I studied HR to understand why my parents did not have time for me

I’m a young individual living in confined space, constructed with thin walls of a penny drop awaking, yet still underprivileged from the democratic change fought for.

Parents identified and defined by a 2 level tax bracket, eating dinner of just two items on a plate with occasional additives from Sunday's lunch. I seek to find greener grass and a modus operandi;

Mind of an opportunist, and soul of a hard-man-ship I push, and identify opportunities of living the pleasure of my daily neuron stimulation .

I studied human resources management understand why my parents came back home DAILY fatigued, and couldn’t be there for me in times of need.

My dad working on holidays and still getting normal rate for overtime and for those annual reading to my parents informing them about their income tax certificate (IRP5), and for the random shock inflicted by salary slips, and the ignorance towards deductions of employees, which earnestly are, my parents.

And with the protection fee which leaves you vulnerable - Unions. And the occasional conversations of my parents of employee disputes at work, and the unsatisfactory responses to their salaries.

SARS E-failing has put me, a 22year old male as a seasonally contributor to my parent’s budget, in accordance to tax season.

This has uneased the financial constringency of the household. I am Mashele Mpilonde Manyike. I help employees submit their IRP5 certificates, officed in my bedroom, with motives of contributing the little of self -time to employees for family spending, rather than waiting in long queues which generally results in acquiring and transmitting more stress to their families.

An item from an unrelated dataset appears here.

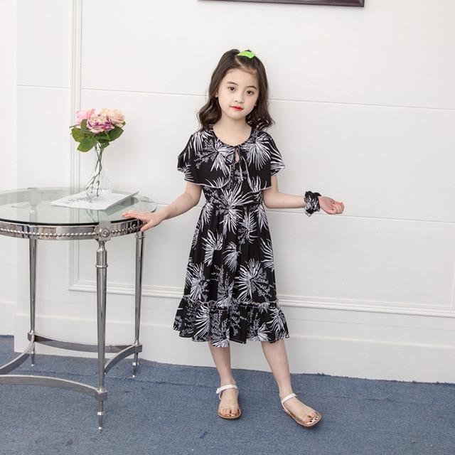 This children's dress is crafted from comfortable cotton fabric, and features a mid-calf length, O-neck collar, regular short sleeves, a casual A-line silhouette, and an eye-catching floral leopard print with ruffle details. Please note: Allow for slight deviations in manual measurements, and results may vary due to differences in monitor and light effects.

I include giving legal advice - from educational human resource hand books to income tax certificate statements.  I educate employees about their financial status.  I am an unlicensed tax practitioner filing for employees to pay my fees for school so I can study further.

In conclusion, I am confessing what I do in times of our economic crisis and presenting myself to the industry, with a lucid experience of a KPMG interview and panel said “pursue bigger and you shall achieve”.